==== Extracted entries

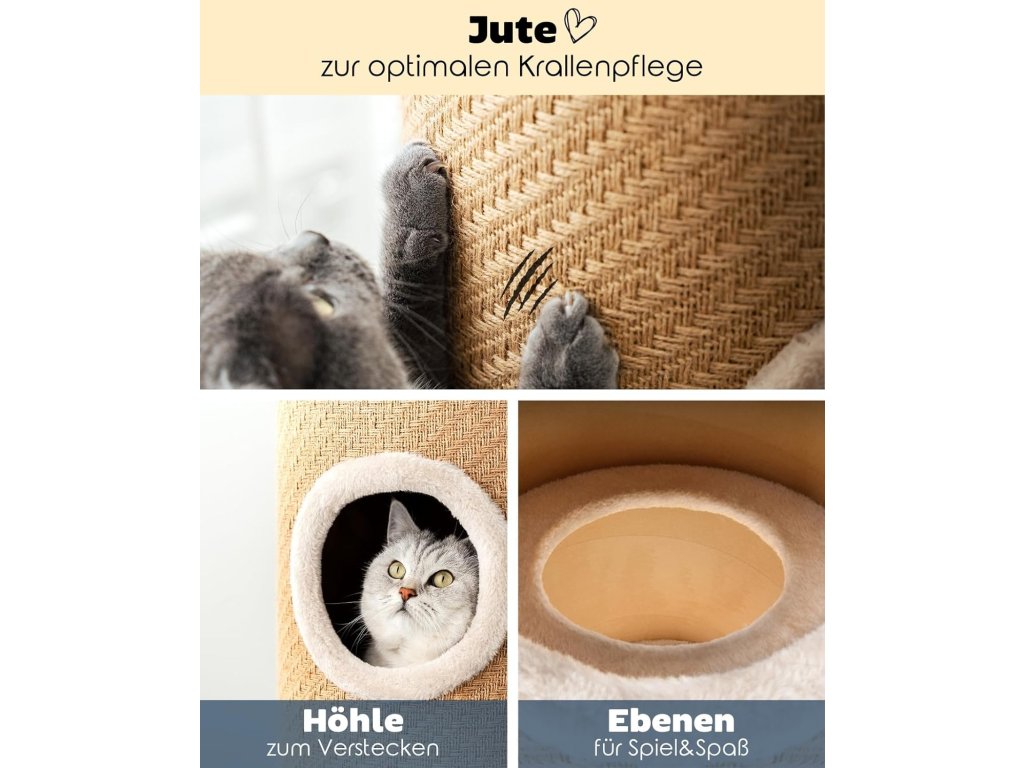 Robustní a stabilní škrabací válec lionto nabízí kočkám ideální kombinaci odpočinku, hry i péče o drápky. Díky výšce 100 cm je vhodný i pro větší plemena a umožňuje přirozené protahování těla při škrábání.
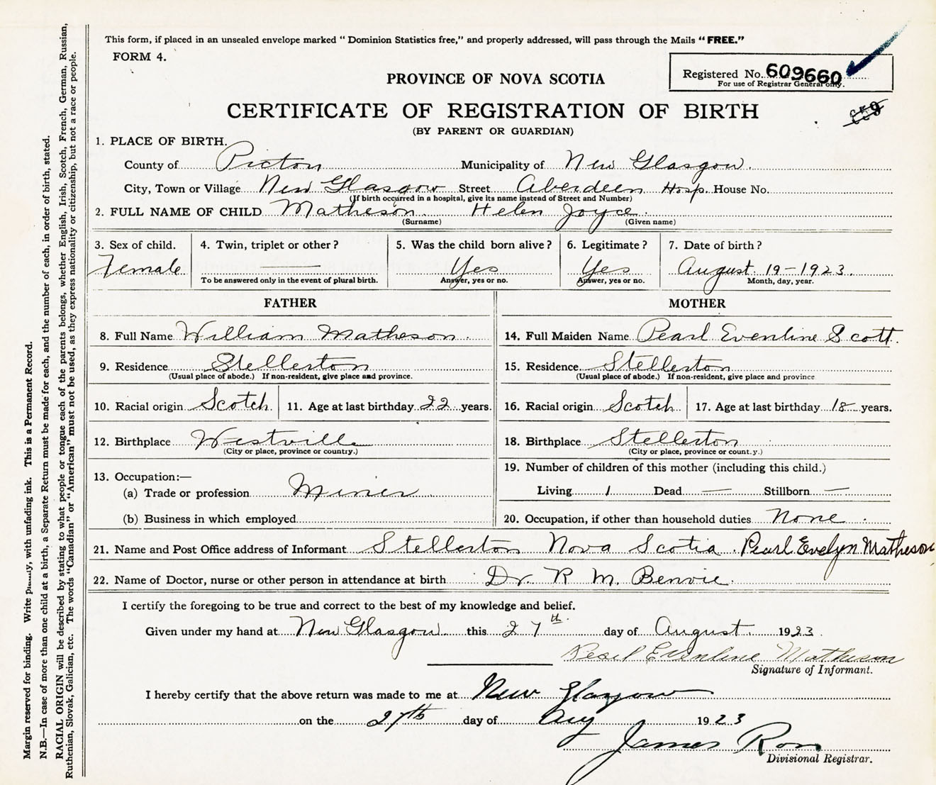 Female Birth Registration: Year: 1923 number: 60900660
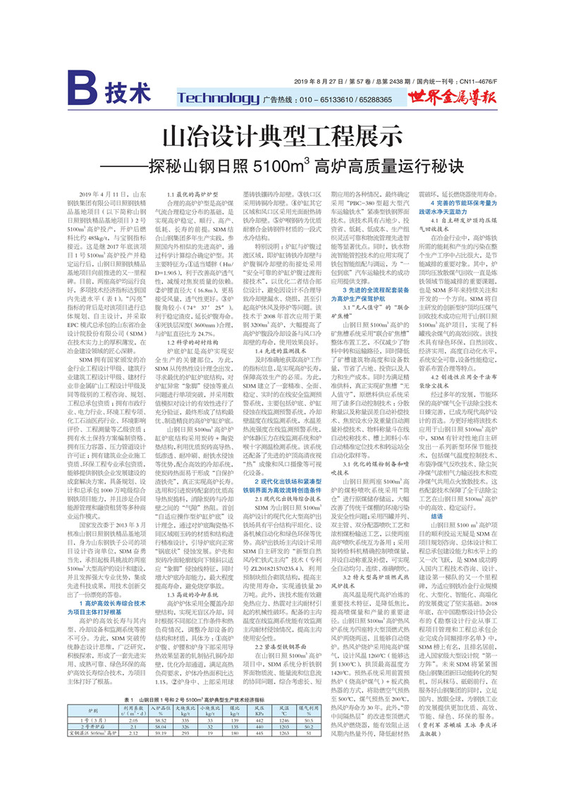 山冶設計典型工程展示——探秘山鋼日照 5100m3 高爐高質量運行秘訣
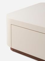 With its clean lines and smooth curves, the Calista Coffee Table brings a quiet luxury to your living space. The satin-finish lacquered body feels fresh and sophisticated, complemented by a warm walnut wood-look base.
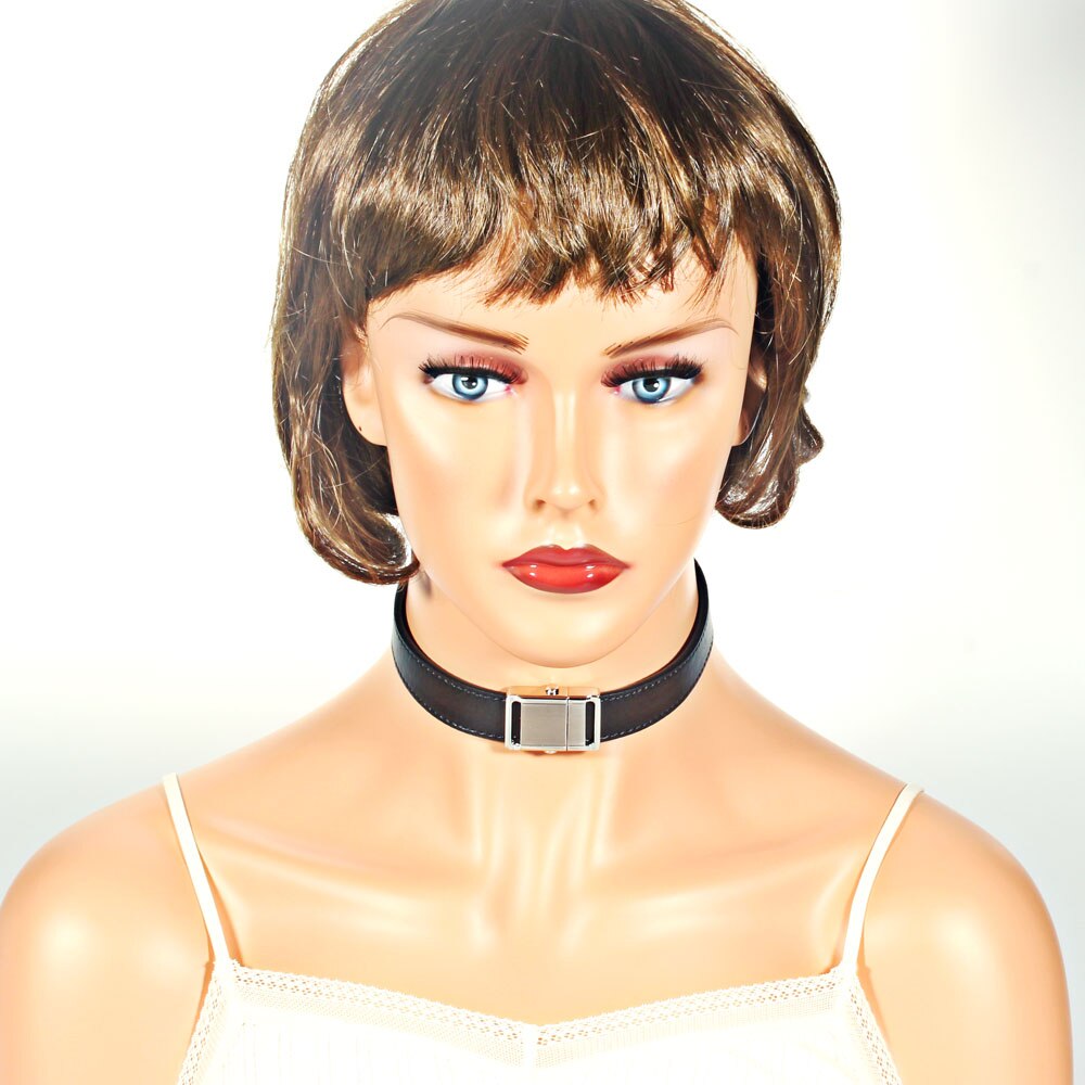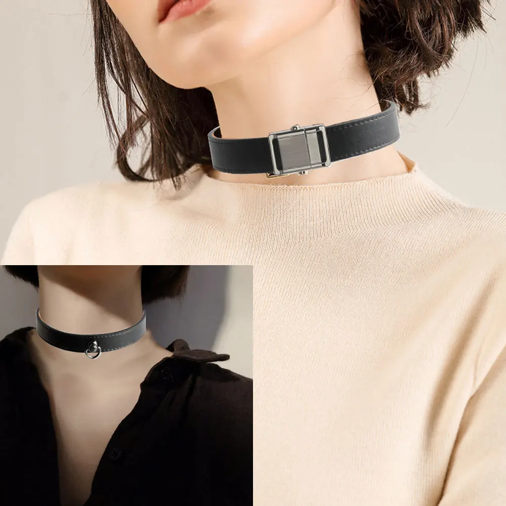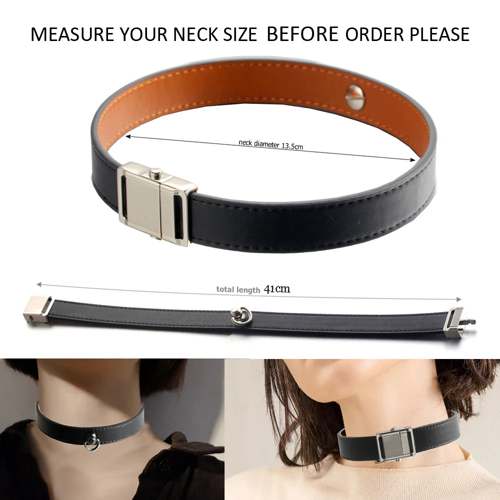 brand Leather button buckle Leather necklace collar Choker Necklaces 41CM
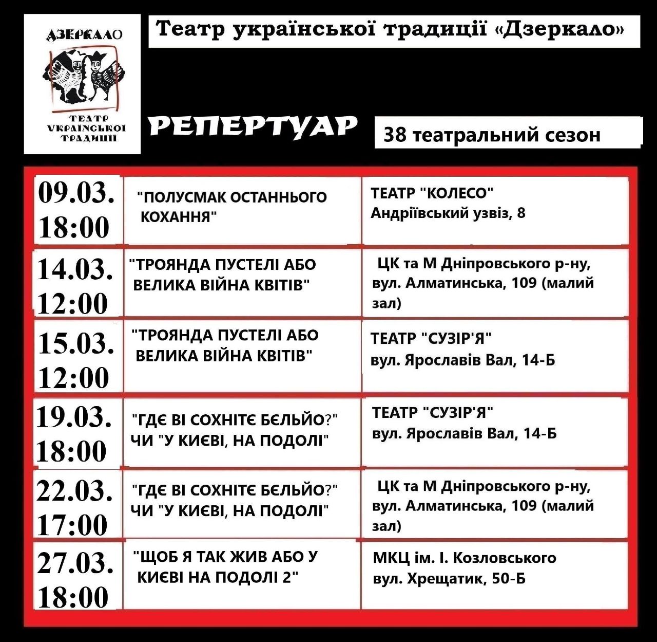 Театр української традиції "Дзеркало" протягом березня поставить у малому залі Центру культури та мистецтв на ДВРЗ дві вистави: 14 березня "Троянда пустелі або велика війна квітів" та 22 березня "Гдє ві сохнітє бєльйо? чи "У Києві, на Подолі ". Ще чотири березневі вистави цього театру відбудуться у приміщеннях інших культурних закладів - театрів "Колесо" та "Сузір'я", а також МКЦ імені І.Козловського.
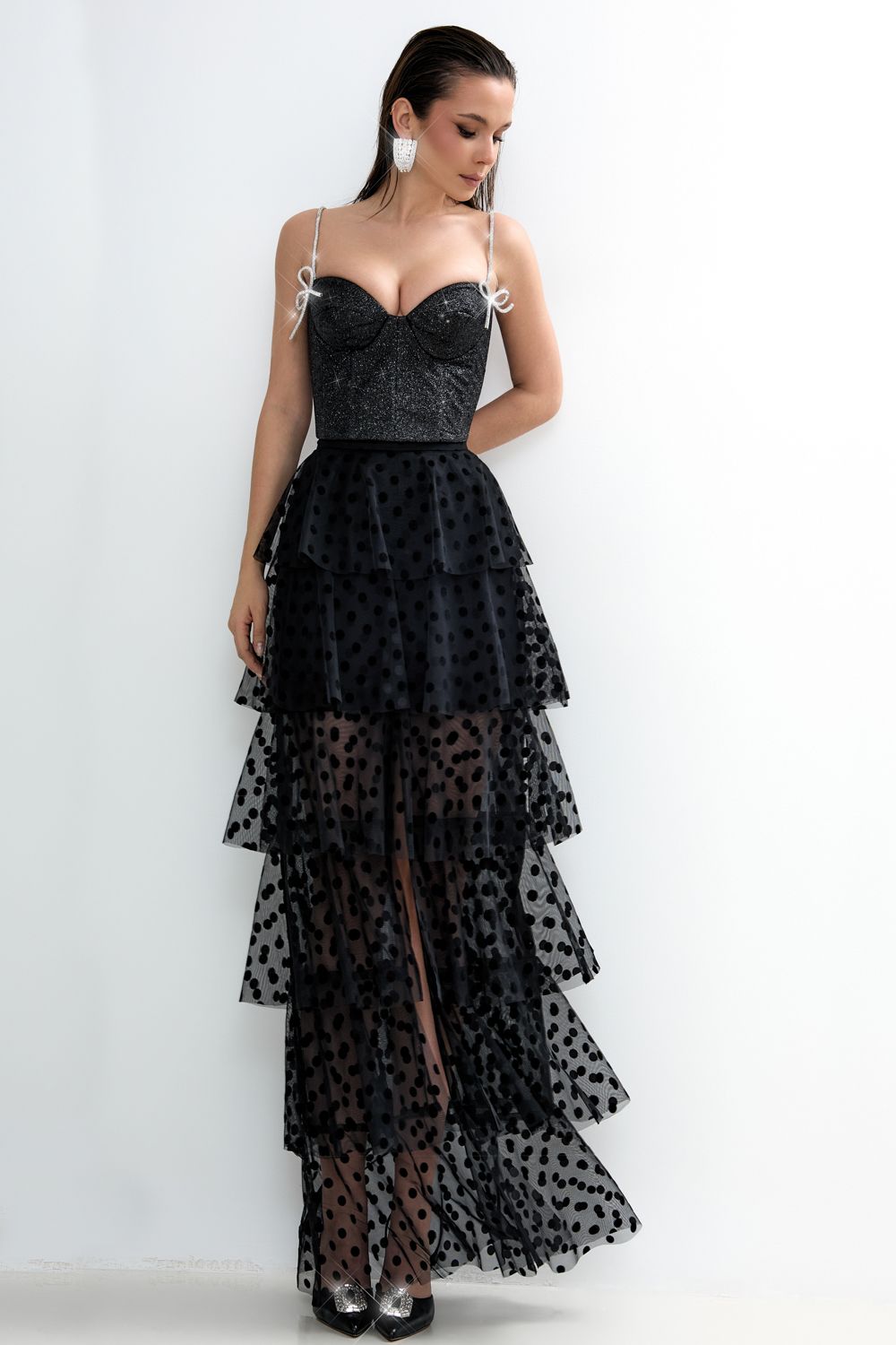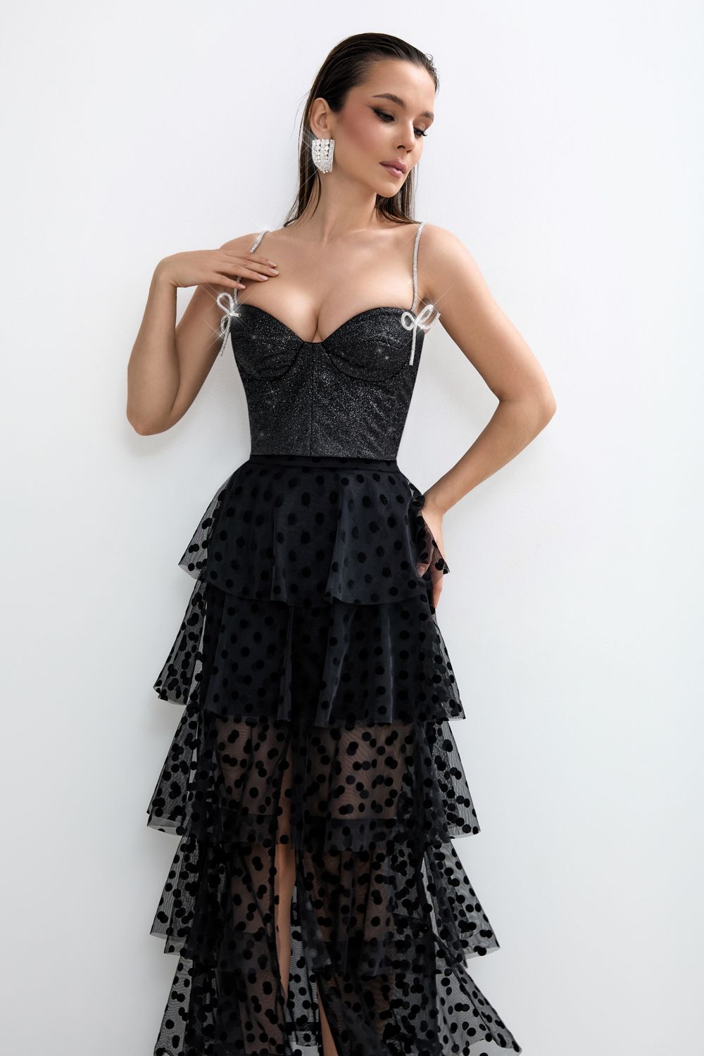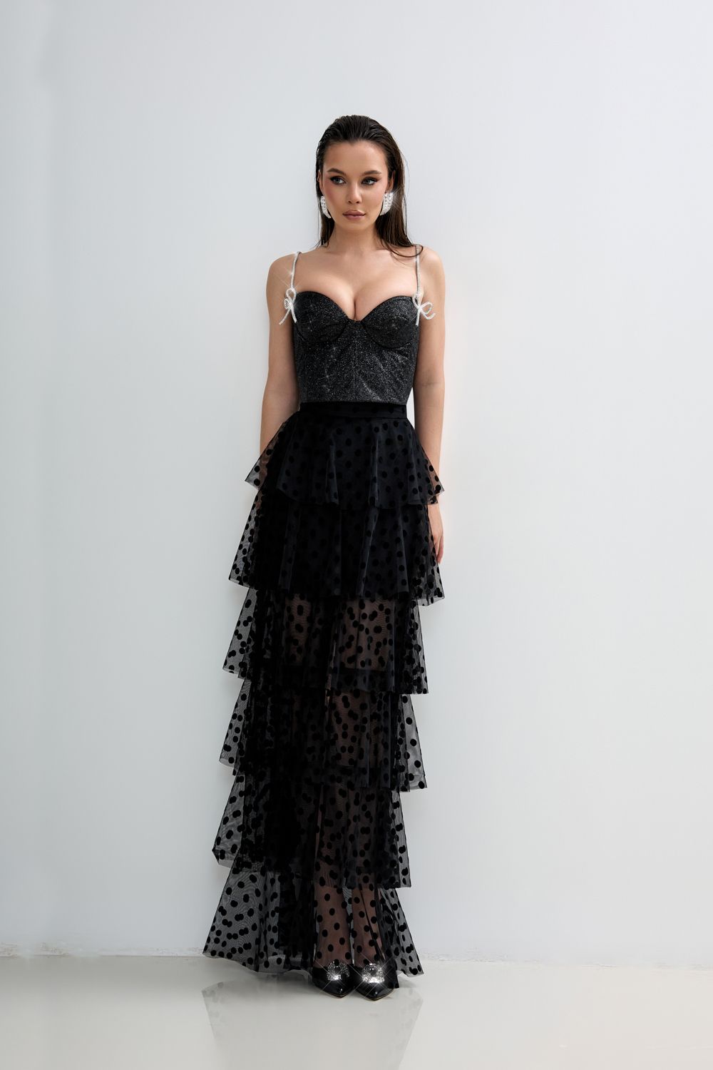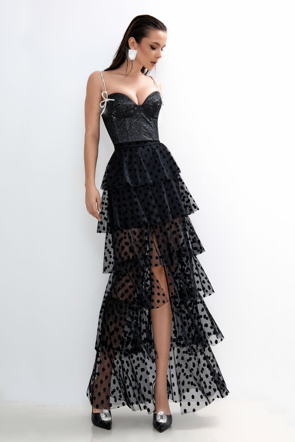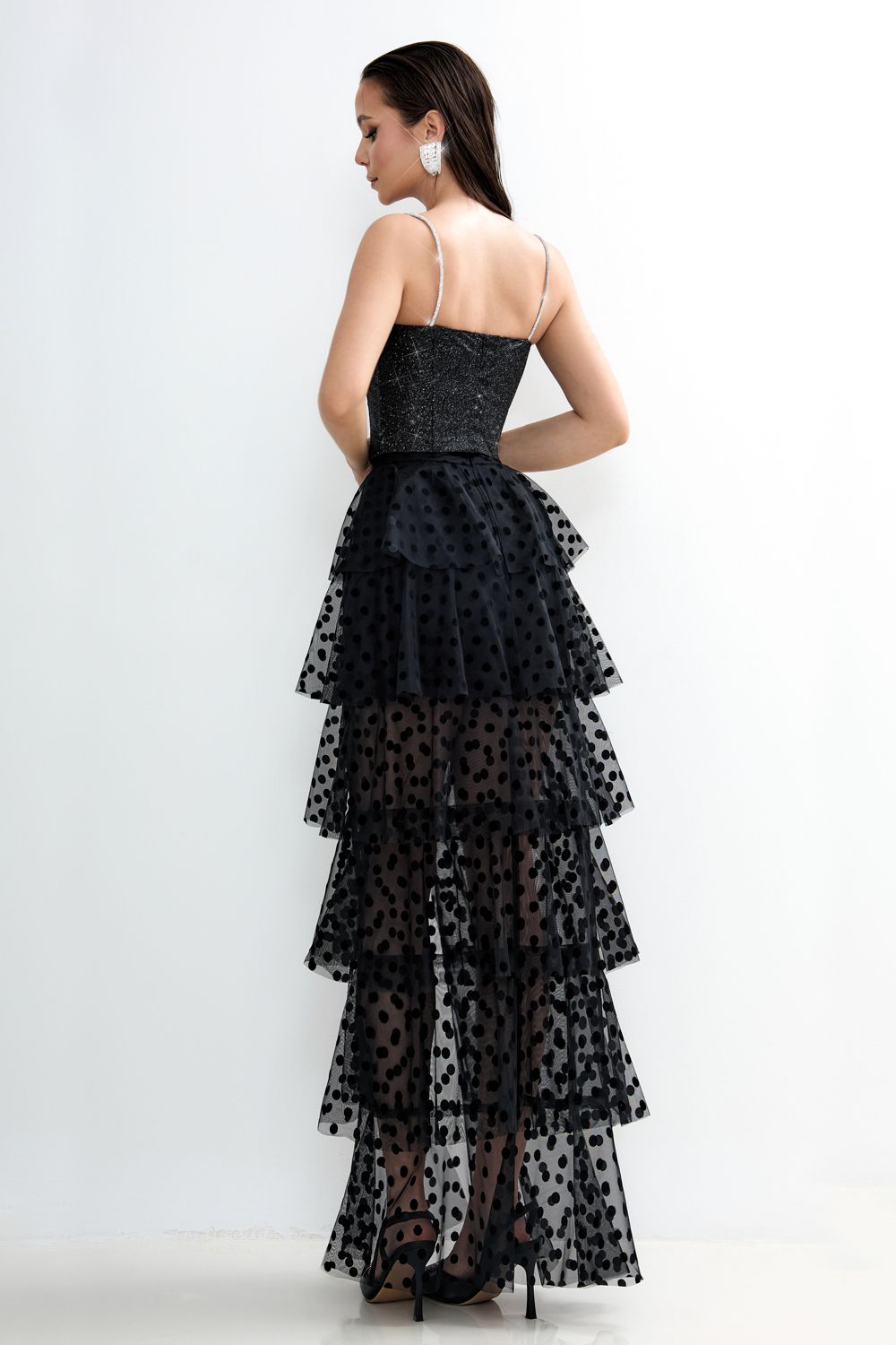 Потрясающая юбка из невесомой прозрачной ткани с высоким разрезом спереди, кокетливо открывающим ноги при движении. Ткань с нанесением глиттера. Незначительное осыпание в процессе эксплуатации (особенно в первые несколько использований или при интенсивном трении/контакте) является неизбежной особенностью данного вида декора. Длина юбки: 108 см. Состав: 100% полиэстер. Подкладка: 97% полиэстер, 3% эластан.

========

Instructions to follow :: In the listing above, find the line with "With its clean" and the line with "brand Leather button". Copy exactly those lines and all between them, minus the images.

Task result ::
 With its clean lines and smooth curves, the Calista Coffee Table brings a quiet luxury to your living space. The satin-finish lacquered body feels fresh and sophisticated, complemented by a warm walnut wood-look base.
 brand Leather button buckle Leather necklace collar Choker Necklaces 41CM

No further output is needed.